Print, exactly as they stand, the lines below from the one that has "Este lunes la" to the one that has "Diseñada para quienes", inclusive, leaving out the pictures.

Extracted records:
Content starts

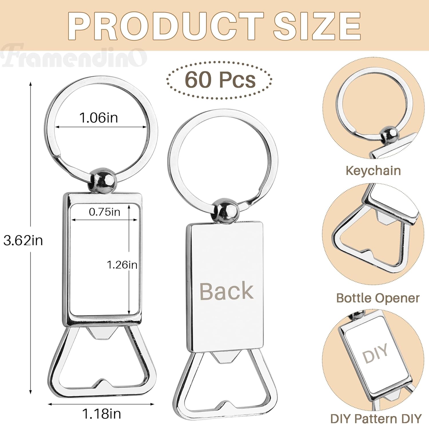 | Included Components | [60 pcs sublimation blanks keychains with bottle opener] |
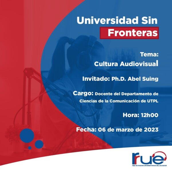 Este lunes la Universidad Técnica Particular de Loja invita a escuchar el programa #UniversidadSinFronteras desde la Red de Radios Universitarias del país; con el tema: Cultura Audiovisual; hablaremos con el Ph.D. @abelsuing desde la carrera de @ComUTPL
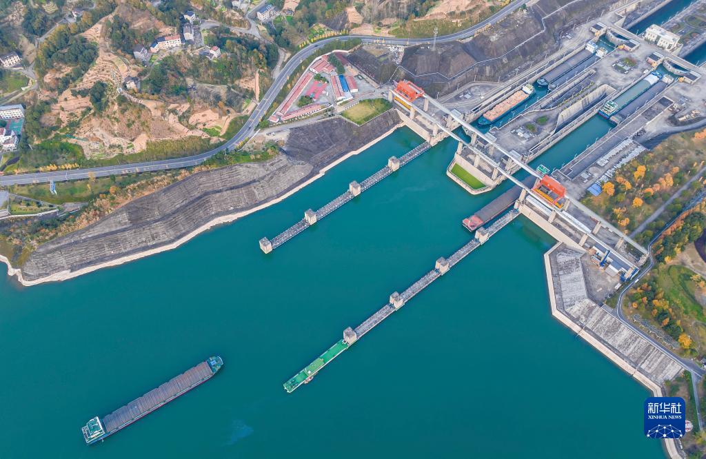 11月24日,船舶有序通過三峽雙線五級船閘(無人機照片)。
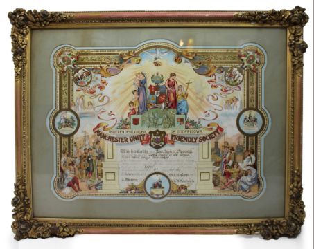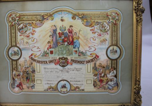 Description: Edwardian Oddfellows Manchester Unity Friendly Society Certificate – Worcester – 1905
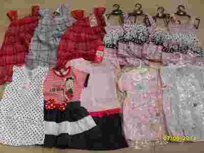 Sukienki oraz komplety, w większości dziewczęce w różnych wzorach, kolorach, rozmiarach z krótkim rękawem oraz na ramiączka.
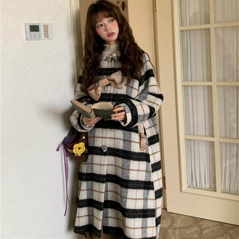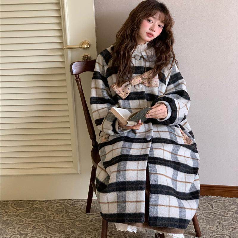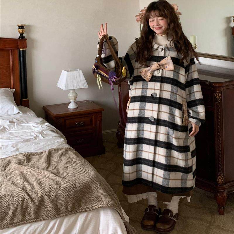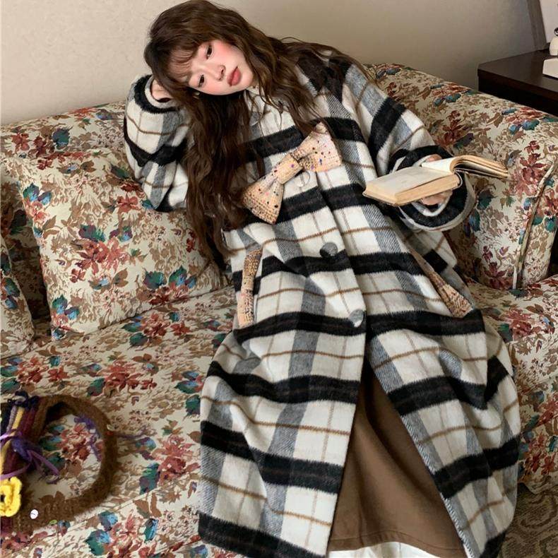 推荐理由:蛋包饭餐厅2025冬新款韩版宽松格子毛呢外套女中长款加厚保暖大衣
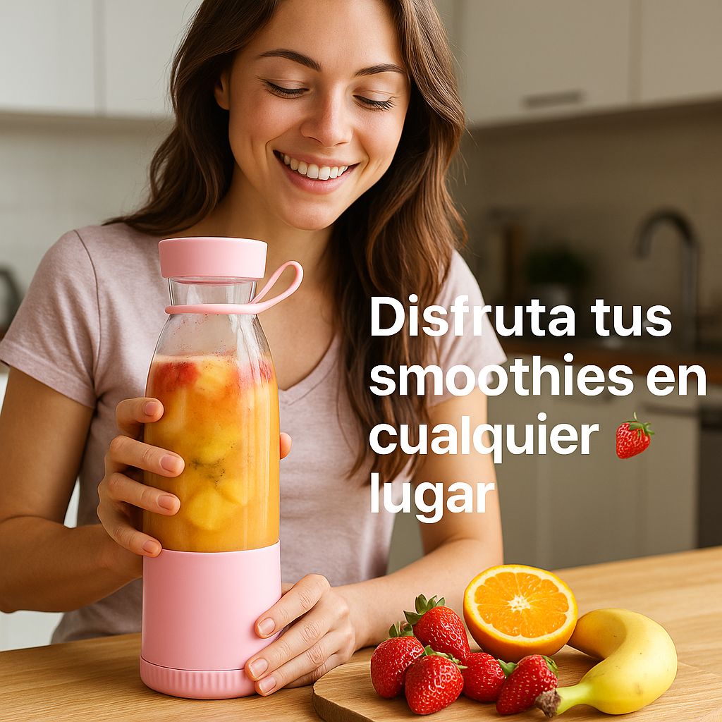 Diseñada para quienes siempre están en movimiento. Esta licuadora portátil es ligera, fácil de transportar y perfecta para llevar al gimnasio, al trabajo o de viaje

Content ends
Content starts

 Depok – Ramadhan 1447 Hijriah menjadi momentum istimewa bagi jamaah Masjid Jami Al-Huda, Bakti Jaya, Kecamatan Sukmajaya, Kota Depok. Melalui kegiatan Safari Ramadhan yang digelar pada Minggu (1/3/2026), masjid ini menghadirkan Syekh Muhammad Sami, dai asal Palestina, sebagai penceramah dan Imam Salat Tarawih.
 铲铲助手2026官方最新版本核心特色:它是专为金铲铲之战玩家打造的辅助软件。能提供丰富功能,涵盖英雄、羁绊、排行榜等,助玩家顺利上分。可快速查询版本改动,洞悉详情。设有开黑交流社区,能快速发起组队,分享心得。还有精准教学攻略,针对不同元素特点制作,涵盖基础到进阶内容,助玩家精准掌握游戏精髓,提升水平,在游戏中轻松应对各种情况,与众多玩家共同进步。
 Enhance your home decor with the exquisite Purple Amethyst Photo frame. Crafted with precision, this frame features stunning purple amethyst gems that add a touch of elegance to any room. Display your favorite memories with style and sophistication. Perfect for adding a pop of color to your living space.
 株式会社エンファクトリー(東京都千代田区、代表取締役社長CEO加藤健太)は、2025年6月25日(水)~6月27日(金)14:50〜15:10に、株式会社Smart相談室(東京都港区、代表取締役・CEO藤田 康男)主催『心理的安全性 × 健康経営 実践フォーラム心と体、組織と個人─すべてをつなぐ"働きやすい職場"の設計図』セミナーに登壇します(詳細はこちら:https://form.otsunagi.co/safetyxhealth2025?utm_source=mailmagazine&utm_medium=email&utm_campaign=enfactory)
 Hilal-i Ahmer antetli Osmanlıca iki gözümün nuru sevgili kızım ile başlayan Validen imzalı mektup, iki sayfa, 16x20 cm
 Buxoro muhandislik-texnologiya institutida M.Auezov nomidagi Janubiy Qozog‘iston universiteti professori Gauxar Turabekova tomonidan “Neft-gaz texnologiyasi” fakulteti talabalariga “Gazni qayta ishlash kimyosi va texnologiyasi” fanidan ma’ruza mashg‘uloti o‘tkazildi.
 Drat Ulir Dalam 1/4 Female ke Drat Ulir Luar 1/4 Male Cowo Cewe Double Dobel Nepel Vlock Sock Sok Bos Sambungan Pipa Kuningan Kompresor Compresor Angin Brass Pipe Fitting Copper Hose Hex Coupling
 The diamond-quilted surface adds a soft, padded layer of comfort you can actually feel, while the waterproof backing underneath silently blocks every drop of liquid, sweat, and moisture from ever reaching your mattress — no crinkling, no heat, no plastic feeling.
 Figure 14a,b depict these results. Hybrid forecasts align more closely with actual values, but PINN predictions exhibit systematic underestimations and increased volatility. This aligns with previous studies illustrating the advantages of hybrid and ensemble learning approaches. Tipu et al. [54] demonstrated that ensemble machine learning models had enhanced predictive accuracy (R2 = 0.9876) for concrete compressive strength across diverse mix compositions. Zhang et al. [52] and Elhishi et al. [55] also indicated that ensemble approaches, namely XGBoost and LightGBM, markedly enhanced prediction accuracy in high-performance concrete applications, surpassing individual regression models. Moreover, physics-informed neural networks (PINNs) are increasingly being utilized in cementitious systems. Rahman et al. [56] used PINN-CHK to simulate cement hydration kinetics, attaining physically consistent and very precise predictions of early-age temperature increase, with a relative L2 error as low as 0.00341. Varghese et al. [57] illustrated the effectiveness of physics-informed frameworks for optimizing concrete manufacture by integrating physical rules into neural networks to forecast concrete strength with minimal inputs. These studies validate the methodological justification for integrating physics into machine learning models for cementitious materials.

Content ends

Answer section
 Este lunes la Universidad Técnica Particular de Loja invita a escuchar el programa #UniversidadSinFronteras desde la Red de Radios Universitarias del país; con el tema: Cultura Audiovisual; hablaremos con el Ph.D. @abelsuing desde la carrera de @ComUTPL
 11月24日,船舶有序通過三峽雙線五級船閘(無人機照片)。
 Description: Edwardian Oddfellows Manchester Unity Friendly Society Certificate – Worcester – 1905
 Sukienki oraz komplety, w większości dziewczęce w różnych wzorach, kolorach, rozmiarach z krótkim rękawem oraz na ramiączka.
 推荐理由:蛋包饭餐厅2025冬新款韩版宽松格子毛呢外套女中长款加厚保暖大衣
 Diseñada para quienes siempre están en movimiento. Esta licuadora portátil es ligera, fácil de transportar y perfecta para llevar al gimnasio, al trabajo o de viaje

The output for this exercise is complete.